• [Exercise]: Only the pictures are to be omitted; everything else in the listing must be reproduced exactly.

• [Provided records]:
-*-*-
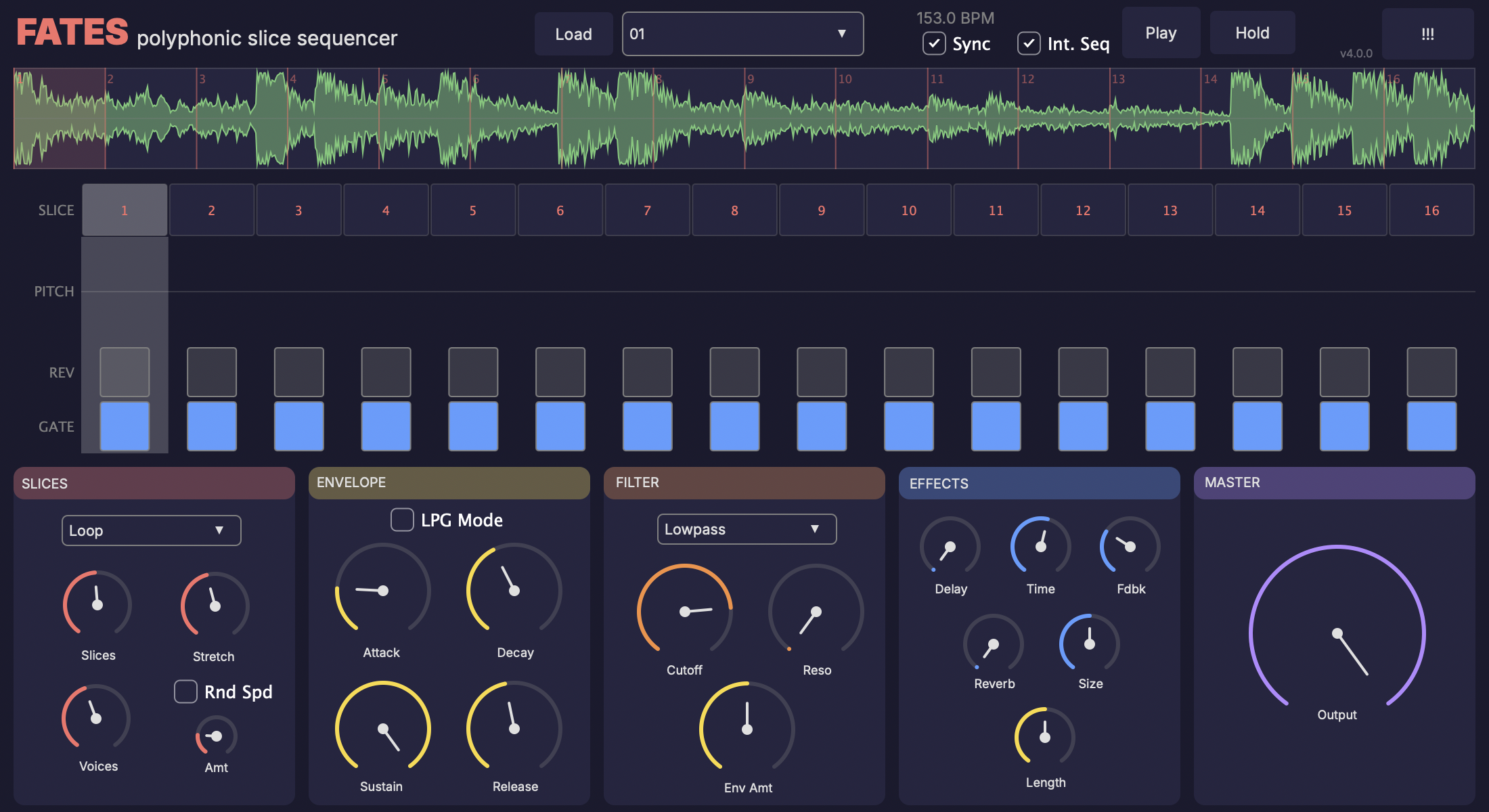Polyphonic sample slicer and beat mangler. Load any audio file or choose from 9 built-in drum loops, then slice, sequence, and reshape it into something new. Features a variable-step sequencer with per-step pitch, gate, and reverse controls, plus an ADSR envelope with optional LPG mode for that West Coast pluck. Add movement with the multi-mode filter, stereo panning, and built-in delay/reverb. Great for chopped breaks, glitchy textures, and rhythmic sample destruction.
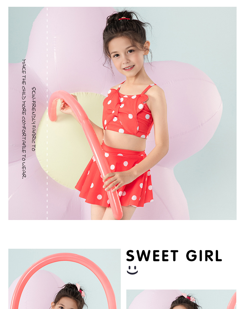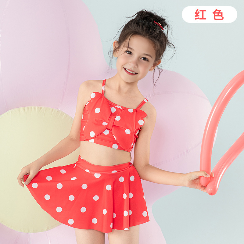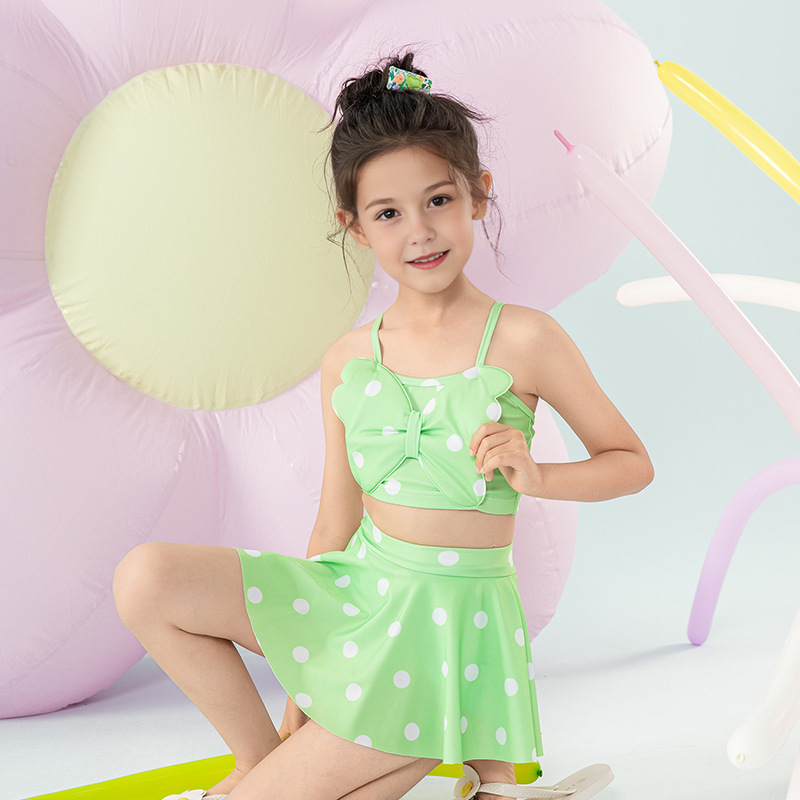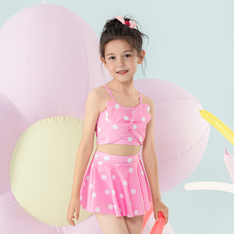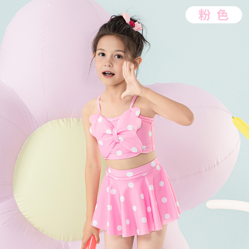 女童泳衣宝宝可爱公主分体裙式游泳衣中小童女孩蝴蝶结泳装
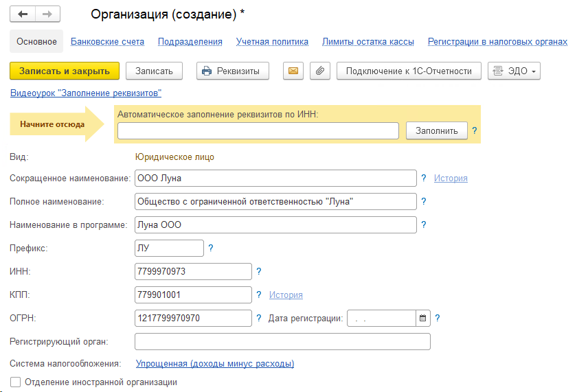 В карточке отображается выбранный ранее вид организации, например, Юридическое лицо. Изменить его нельзя. Если на этом этапе вы допустили ошибку, организацию нужно удалить. В этом случае, чтобы добавить новую организацию в 1С, вам придется начать заново.
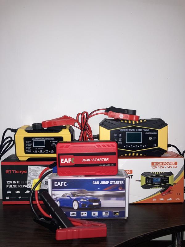 Зарядное устройство для аккумулятора (АКБ 12v / 12a - 24v / 6) Характеристики Зарядки для АКБ: Размеры: 150х100х62 мм Напряжение: 12 В-12 А, 24 В – 6 А Постоянное напряжение: 12 В, 12 А Режим десульфурации: импульсный Мощность: 180 Вт Поддержка аккумуляторов: 12 В, 24 В, 40 Ач-100 Ач Оригинал, 9 ступенчатый заряд ! 5 режимов заряда! Характеристики: Технология сенсорного переключателя: Да Защита от переполюсовки: Да Выходная короткая Защита: да Защита без подключения аккумулятора: Да Защита от перегрева: Да Защита от короткого замыкания: Да Защита от перегрузки по току: Да Защита от перегрева: Да Защита от низкого напряжения: Да Защита от перенапряжения: Да Защита от электрического удара током: Да Охлаждение: Вентилятор Портативный многофункциональный автомобильный стартер на 800А для аварийных ситуаций, мобильный источник питания и зарядка батареи 12В для старта автомобиля объемом до 3 л бензин и 2 л дизель. Цена: Зарядка:(TEISQI HIGH POWER ):12V 12A-24V 6A-1500грн. Зарядка :(RJ Tianye) : 8А, 12в - 800грн. Автомобильный стартер пусковик:(EAFC):800A 12v-100грн
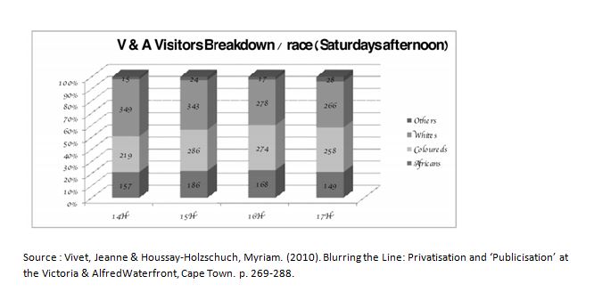 En effet, les anciennes plages « blanches » continuent d’être fréquentées essentiellement par les blancs et les touristes. Ce sont les plages les plus centrales et les mieux mises en valeur : Camps Bay, Clifton. A l’inverse, les plages les plus éloignées et les moins bien reliées sont associées à la violence et à la criminalité et demeurent des espaces fréquentés seulement par la population locale noire et métisse : cas des plages de Monwasibi et Strandfontein.
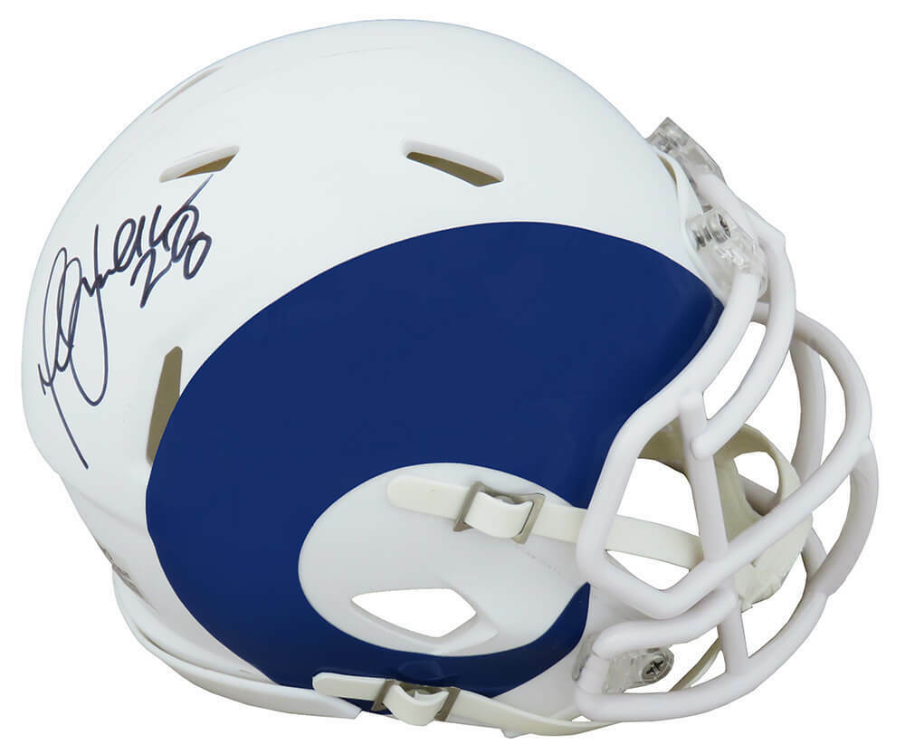 Marshall Faulk signed Rams AMP Alternate Series Riddell speed mini helmet. Item comes with a Schwartz Sports Memorabilia tamper evident numbered sticker and matching Certificate of Authenticity which can be verified online.
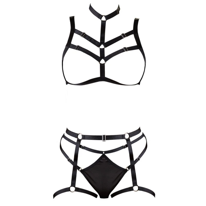Découvrez le Harnais BDSM 3 Pièces Ajustable de Cottelli Collection, une lingerie fétichiste qui rendra fou votre partenaire.
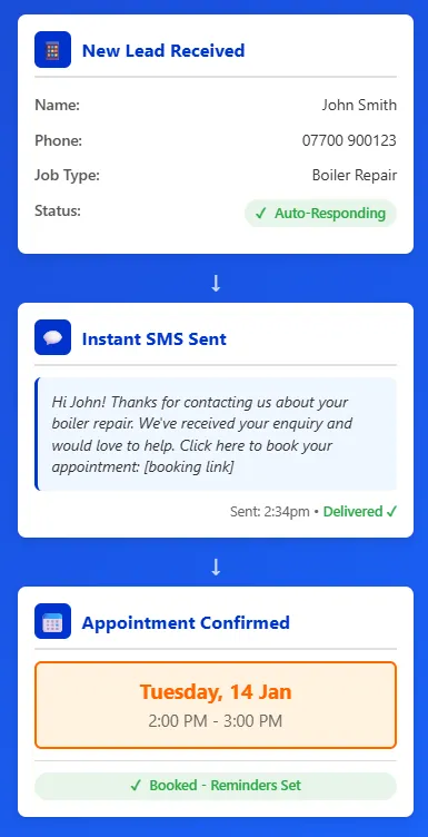 Appointments booked automatically. Jobs go straight into your calendar. Reminders sent. No-shows prevented.
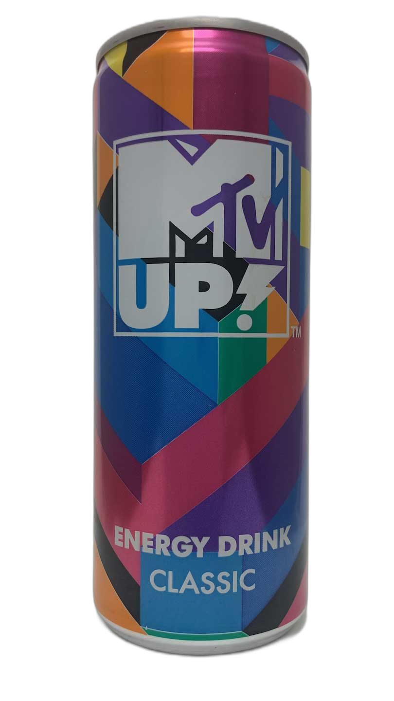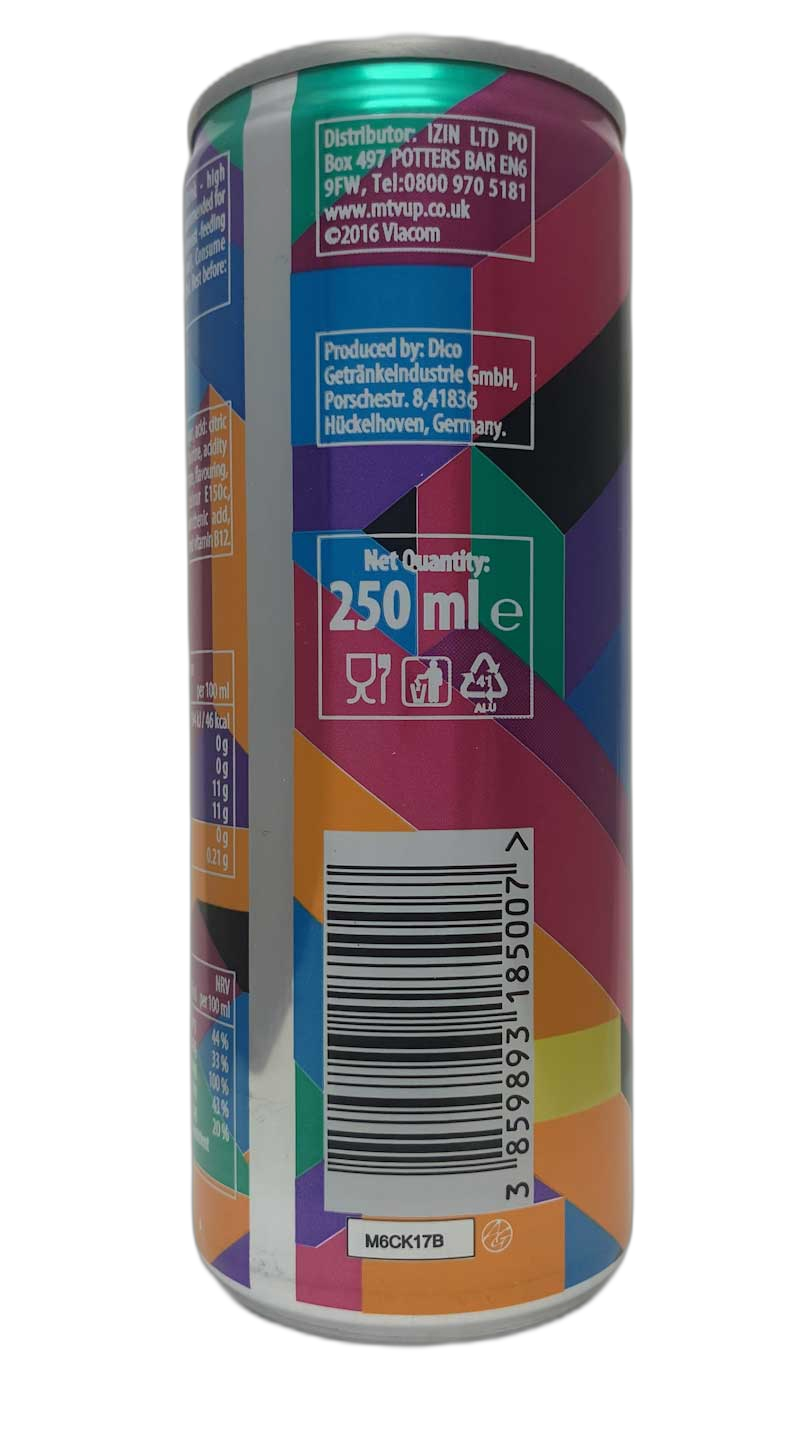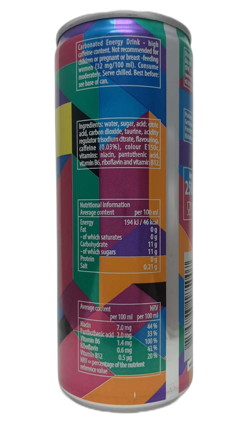 I don’t really know much about this can, including where I got it from. In researching it I tried the website listed on the back of the can, http://www.mtvup.co.uk and that no longer exists, however http://mtvupenergydrink.com does and shows a can pretty much the same as this one. I suspect this means that this can is still produced in the USA but not in the UK any more. It feels almost like this was a TV Channel or Program tie-in product but I have nothing to back that idea up. I love the bold geometric and colourful design of this can and I even quite like the separate boxes of info on the back which continue the geometric design.
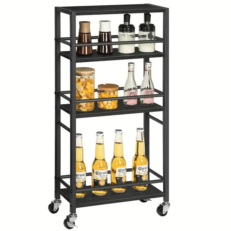 Tento moderní 4patrový kuchyňský vozík s kolečky představuje dokonalou kombinaci praktického úložného prostoru, mobility a elegantního designu. Ideální jako barový vozík, servírovací stanice nebo odkládací stolek, který doplní každý interiér – od moderního po rustikální.
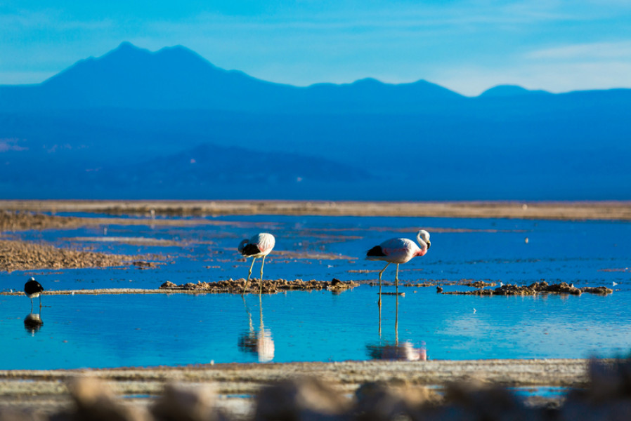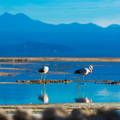 Am Nachmittag unternehmen Sie einen Ausflug durch die trockene Wüstenlandschaft zum riesigen Salzsee Salar de Atacama CLAK046. Bei der Laguna Chaxa können Sie eine Vielzahl wunderschöner Flamingos beobachten.
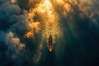 Een man vaart alleen op een kalme zee, terwijl het zonlicht subtiel door een dreigend donker wolkendek breekt. De lucht en het water reflecteren prachtige tinten van diepblauw, grijs, groen en goud, die het schilderij een magische sfeer geven. De serene compositie straalt een gevoel van eenzaamheid en hoop uit, een perfect kunstwerk dat…
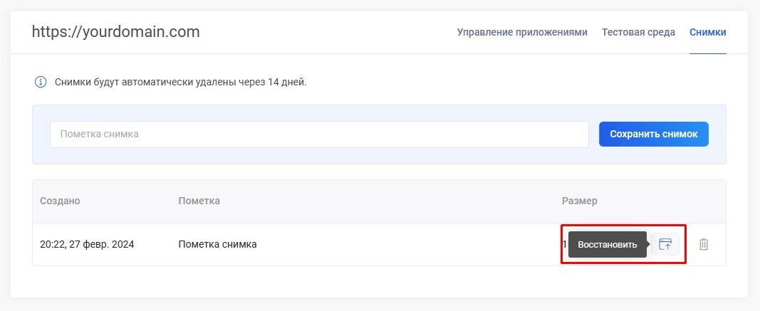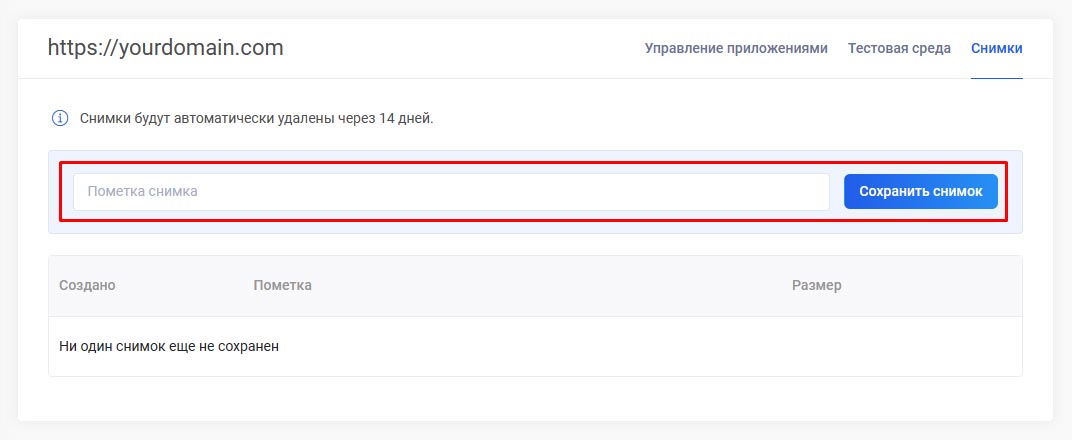 Для создания снимка нынешнего состояния сайта, установленного через Zone+ приложения, нажмите на кнопку Сделайте снимок в настройках приложения. В процессе создается архив файлов и базы данных сайта. Снимки хранятся на виртуальном сервере в папке zoneplus_snapshots в течение 14 дней.
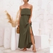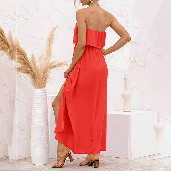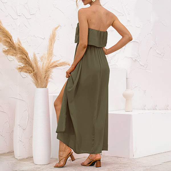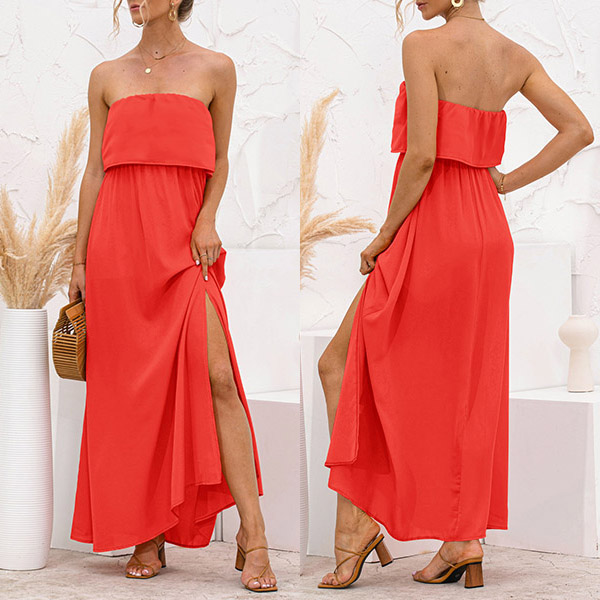 Sexy Strapless High Waist Slit Hem Dress
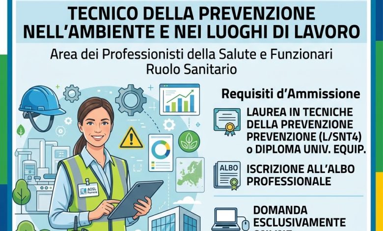 - Titolo di studio: Laurea in Tecniche della Prevenzione nell’Ambiente e nei Luoghi di Lavoro (Classe L/SNT4), oppure Diploma Universitario equiparato (ex D.Lgs. 502/92), o titoli equipollenti.
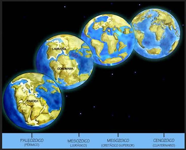 Al final del Paleozoico y principios del Mesozoico las diferentes masas de tierra se unieron en un supercontinente llamado Pangea. Se fracturó hace 200 millones de años, y los continentes se fueron separando hasta alcanzar la posición con la que los conocemos a día de hoy.
-*-*-
• [Result for this task]:
Polyphonic sample slicer and beat mangler. Load any audio file or choose from 9 built-in drum loops, then slice, sequence, and reshape it into something new. Features a variable-step sequencer with per-step pitch, gate, and reverse controls, plus an ADSR envelope with optional LPG mode for that West Coast pluck. Add movement with the multi-mode filter, stereo panning, and built-in delay/reverb. Great for chopped breaks, glitchy textures, and rhythmic sample destruction.
 女童泳衣宝宝可爱公主分体裙式游泳衣中小童女孩蝴蝶结泳装
 В карточке отображается выбранный ранее вид организации, например, Юридическое лицо. Изменить его нельзя. Если на этом этапе вы допустили ошибку, организацию нужно удалить. В этом случае, чтобы добавить новую организацию в 1С, вам придется начать заново.
 Зарядное устройство для аккумулятора (АКБ 12v / 12a - 24v / 6) Характеристики Зарядки для АКБ: Размеры: 150х100х62 мм Напряжение: 12 В-12 А, 24 В – 6 А Постоянное напряжение: 12 В, 12 А Режим десульфурации: импульсный Мощность: 180 Вт Поддержка аккумуляторов: 12 В, 24 В, 40 Ач-100 Ач Оригинал, 9 ступенчатый заряд ! 5 режимов заряда! Характеристики: Технология сенсорного переключателя: Да Защита от переполюсовки: Да Выходная короткая Защита: да Защита без подключения аккумулятора: Да Защита от перегрева: Да Защита от короткого замыкания: Да Защита от перегрузки по току: Да Защита от перегрева: Да Защита от низкого напряжения: Да Защита от перенапряжения: Да Защита от электрического удара током: Да Охлаждение: Вентилятор Портативный многофункциональный автомобильный стартер на 800А для аварийных ситуаций, мобильный источник питания и зарядка батареи 12В для старта автомобиля объемом до 3 л бензин и 2 л дизель. Цена: Зарядка:(TEISQI HIGH POWER ):12V 12A-24V 6A-1500грн. Зарядка :(RJ Tianye) : 8А, 12в - 800грн. Автомобильный стартер пусковик:(EAFC):800A 12v-100грн
 En effet, les anciennes plages « blanches » continuent d’être fréquentées essentiellement par les blancs et les touristes. Ce sont les plages les plus centrales et les mieux mises en valeur : Camps Bay, Clifton. A l’inverse, les plages les plus éloignées et les moins bien reliées sont associées à la violence et à la criminalité et demeurent des espaces fréquentés seulement par la population locale noire et métisse : cas des plages de Monwasibi et Strandfontein.
 Marshall Faulk signed Rams AMP Alternate Series Riddell speed mini helmet. Item comes with a Schwartz Sports Memorabilia tamper evident numbered sticker and matching Certificate of Authenticity which can be verified online.
Découvrez le Harnais BDSM 3 Pièces Ajustable de Cottelli Collection, une lingerie fétichiste qui rendra fou votre partenaire.
 Appointments booked automatically. Jobs go straight into your calendar. Reminders sent. No-shows prevented.
 I don’t really know much about this can, including where I got it from. In researching it I tried the website listed on the back of the can, http://www.mtvup.co.uk and that no longer exists, however http://mtvupenergydrink.com does and shows a can pretty much the same as this one. I suspect this means that this can is still produced in the USA but not in the UK any more. It feels almost like this was a TV Channel or Program tie-in product but I have nothing to back that idea up. I love the bold geometric and colourful design of this can and I even quite like the separate boxes of info on the back which continue the geometric design.
 Tento moderní 4patrový kuchyňský vozík s kolečky představuje dokonalou kombinaci praktického úložného prostoru, mobility a elegantního designu. Ideální jako barový vozík, servírovací stanice nebo odkládací stolek, který doplní každý interiér – od moderního po rustikální.
 Am Nachmittag unternehmen Sie einen Ausflug durch die trockene Wüstenlandschaft zum riesigen Salzsee Salar de Atacama CLAK046. Bei der Laguna Chaxa können Sie eine Vielzahl wunderschöner Flamingos beobachten.
 Een man vaart alleen op een kalme zee, terwijl het zonlicht subtiel door een dreigend donker wolkendek breekt. De lucht en het water reflecteren prachtige tinten van diepblauw, grijs, groen en goud, die het schilderij een magische sfeer geven. De serene compositie straalt een gevoel van eenzaamheid en hoop uit, een perfect kunstwerk dat…
 Для создания снимка нынешнего состояния сайта, установленного через Zone+ приложения, нажмите на кнопку Сделайте снимок в настройках приложения. В процессе создается архив файлов и базы данных сайта. Снимки хранятся на виртуальном сервере в папке zoneplus_snapshots в течение 14 дней.
 Sexy Strapless High Waist Slit Hem Dress
 - Titolo di studio: Laurea in Tecniche della Prevenzione nell’Ambiente e nei Luoghi di Lavoro (Classe L/SNT4), oppure Diploma Universitario equiparato (ex D.Lgs. 502/92), o titoli equipollenti.
 Al final del Paleozoico y principios del Mesozoico las diferentes masas de tierra se unieron en un supercontinente llamado Pangea. Se fracturó hace 200 millones de años, y los continentes se fueron separando hasta alcanzar la posición con la que los conocemos a día de hoy.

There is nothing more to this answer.